__Exercise data__:
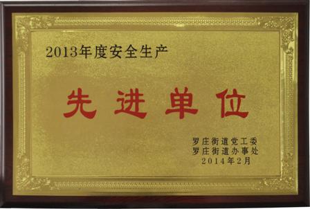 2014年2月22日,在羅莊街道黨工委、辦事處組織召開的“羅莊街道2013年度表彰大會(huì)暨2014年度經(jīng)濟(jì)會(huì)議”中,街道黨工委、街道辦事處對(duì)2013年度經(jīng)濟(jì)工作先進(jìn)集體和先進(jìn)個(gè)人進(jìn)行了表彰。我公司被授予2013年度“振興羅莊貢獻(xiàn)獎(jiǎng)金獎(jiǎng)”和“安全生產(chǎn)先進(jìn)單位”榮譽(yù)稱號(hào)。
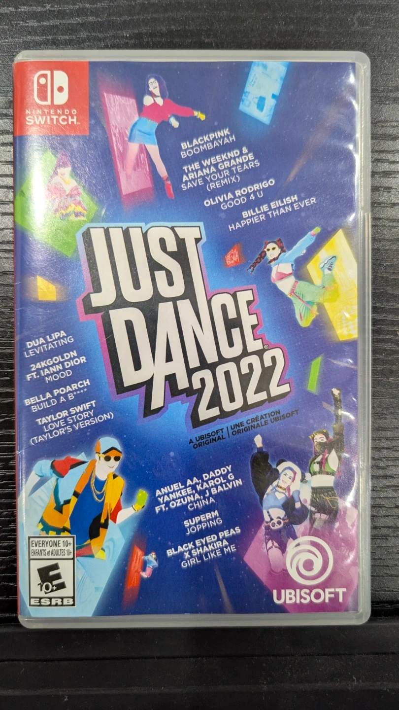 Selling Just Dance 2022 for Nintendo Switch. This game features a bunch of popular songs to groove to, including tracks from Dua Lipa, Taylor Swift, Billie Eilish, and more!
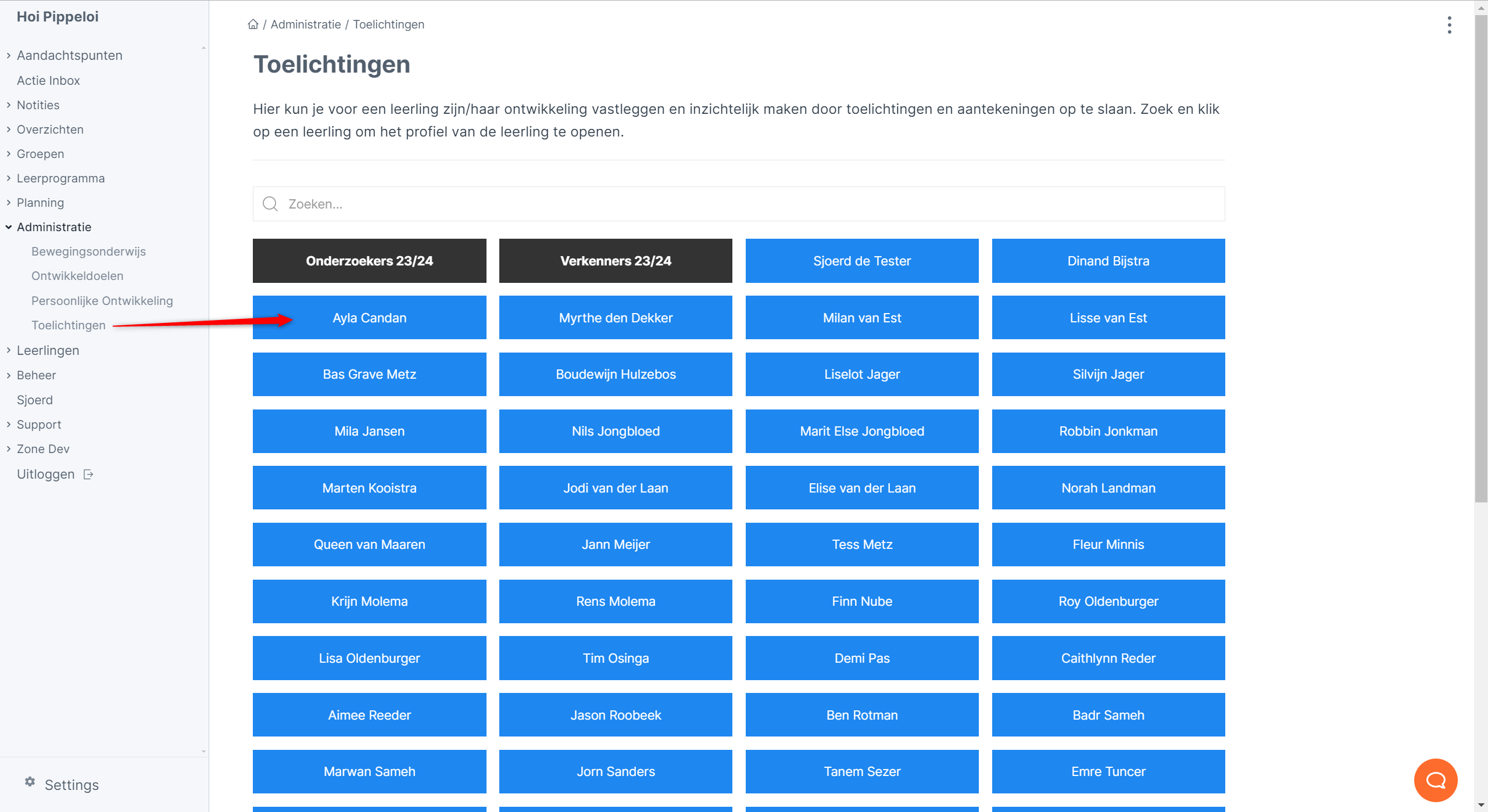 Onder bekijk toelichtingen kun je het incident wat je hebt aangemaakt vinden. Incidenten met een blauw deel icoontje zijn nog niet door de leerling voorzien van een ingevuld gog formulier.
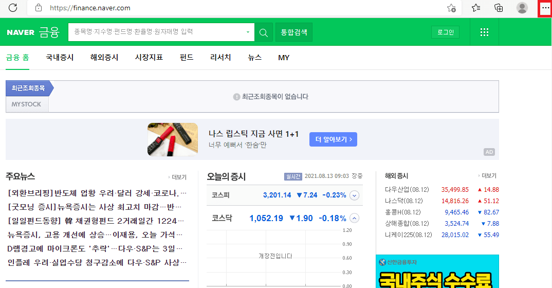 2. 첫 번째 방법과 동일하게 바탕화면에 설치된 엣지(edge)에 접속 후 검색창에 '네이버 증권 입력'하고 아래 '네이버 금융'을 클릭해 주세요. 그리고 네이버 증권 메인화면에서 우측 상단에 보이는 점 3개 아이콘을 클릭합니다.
---
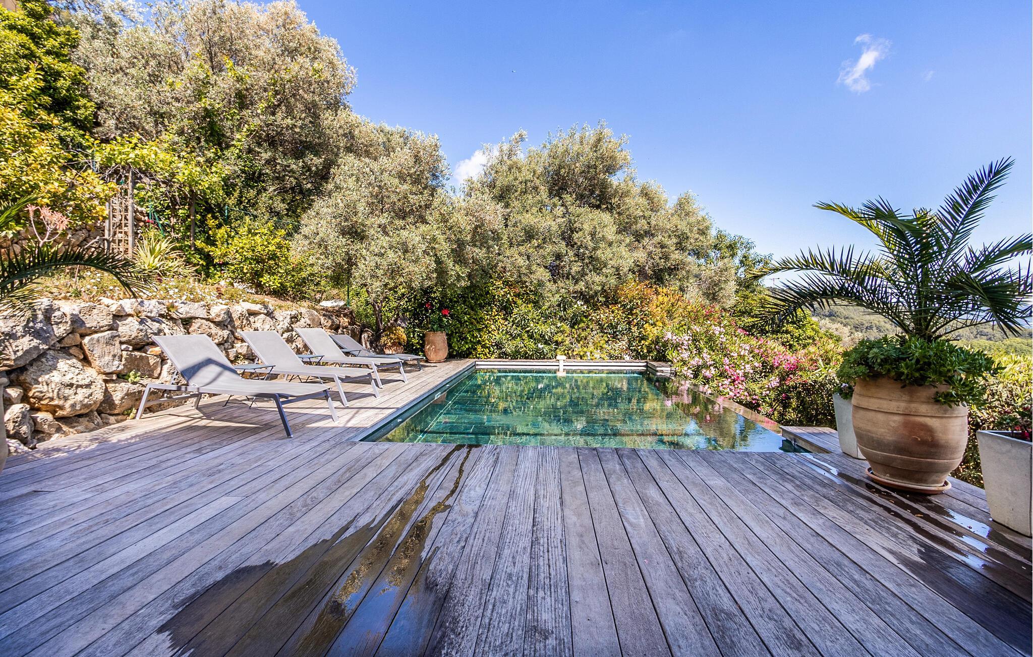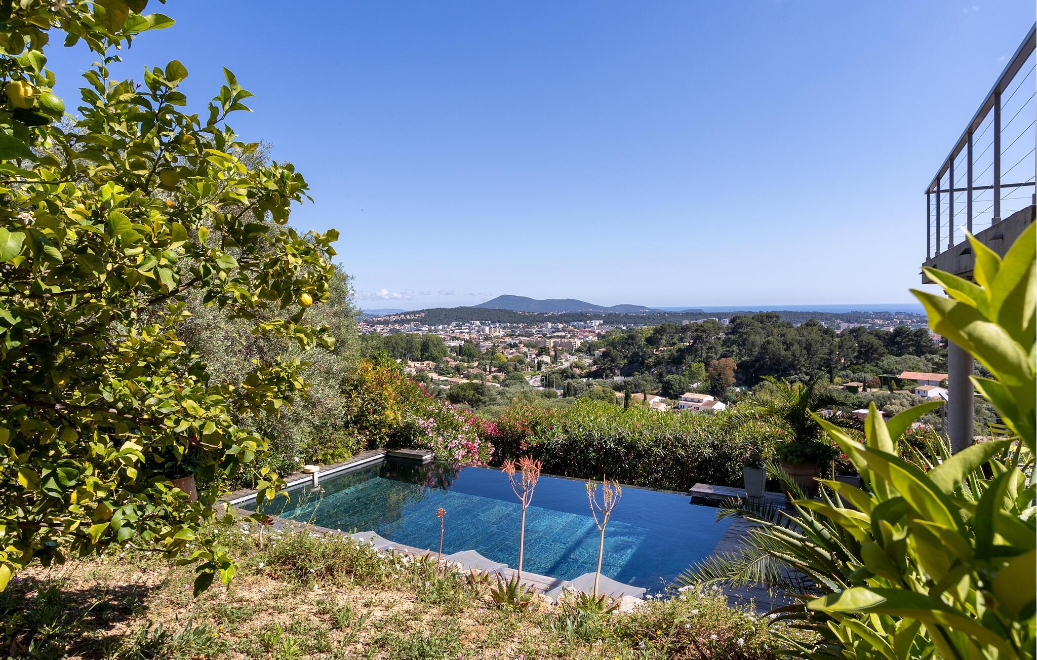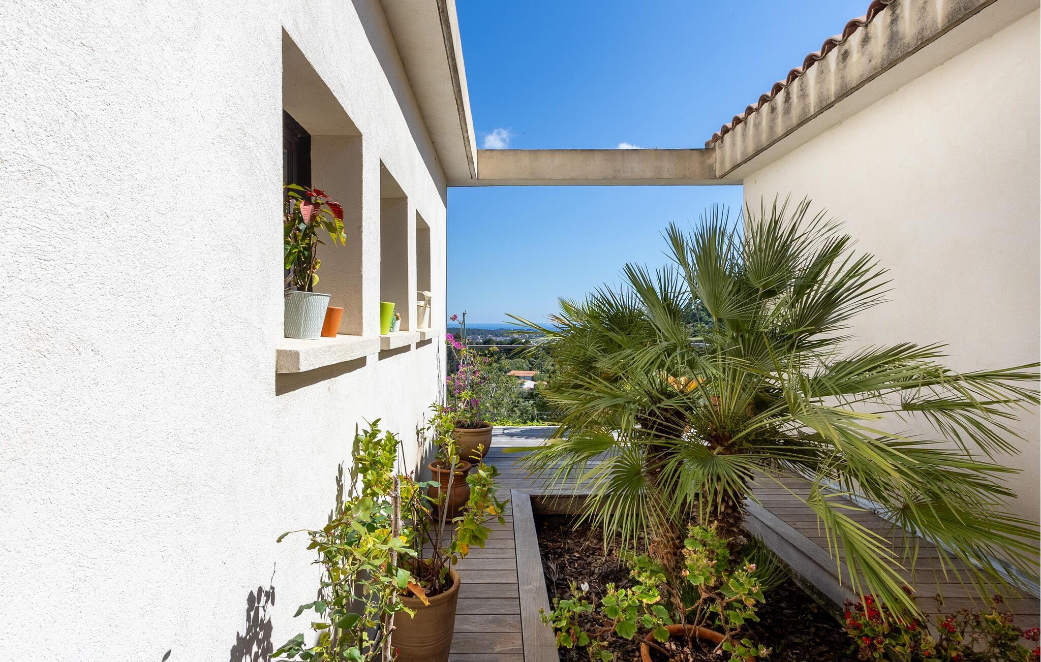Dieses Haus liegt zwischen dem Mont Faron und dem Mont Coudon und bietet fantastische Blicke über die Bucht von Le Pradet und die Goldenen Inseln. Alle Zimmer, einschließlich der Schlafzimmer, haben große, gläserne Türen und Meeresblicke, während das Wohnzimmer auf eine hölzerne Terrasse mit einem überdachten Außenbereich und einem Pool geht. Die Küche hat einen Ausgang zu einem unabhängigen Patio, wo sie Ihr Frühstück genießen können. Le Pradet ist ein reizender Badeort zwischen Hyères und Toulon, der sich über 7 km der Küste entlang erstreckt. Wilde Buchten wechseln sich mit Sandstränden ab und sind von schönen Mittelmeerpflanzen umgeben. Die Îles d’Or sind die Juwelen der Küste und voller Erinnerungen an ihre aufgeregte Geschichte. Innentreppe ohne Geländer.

__Exercise directions__: Could you transcribe exactly the entries above, but only the lines from the one with "2014年2月22日,在羅莊" through the one with "2. 첫 번째 방법과", and without pictures?

__Answer to this exercise__:
 2014年2月22日,在羅莊街道黨工委、辦事處組織召開的“羅莊街道2013年度表彰大會(huì)暨2014年度經(jīng)濟(jì)會(huì)議”中,街道黨工委、街道辦事處對(duì)2013年度經(jīng)濟(jì)工作先進(jìn)集體和先進(jìn)個(gè)人進(jìn)行了表彰。我公司被授予2013年度“振興羅莊貢獻(xiàn)獎(jiǎng)金獎(jiǎng)”和“安全生產(chǎn)先進(jìn)單位”榮譽(yù)稱號(hào)。
 Selling Just Dance 2022 for Nintendo Switch. This game features a bunch of popular songs to groove to, including tracks from Dua Lipa, Taylor Swift, Billie Eilish, and more!
 Onder bekijk toelichtingen kun je het incident wat je hebt aangemaakt vinden. Incidenten met een blauw deel icoontje zijn nog niet door de leerling voorzien van een ingevuld gog formulier.
 2. 첫 번째 방법과 동일하게 바탕화면에 설치된 엣지(edge)에 접속 후 검색창에 '네이버 증권 입력'하고 아래 '네이버 금융'을 클릭해 주세요. 그리고 네이버 증권 메인화면에서 우측 상단에 보이는 점 3개 아이콘을 클릭합니다.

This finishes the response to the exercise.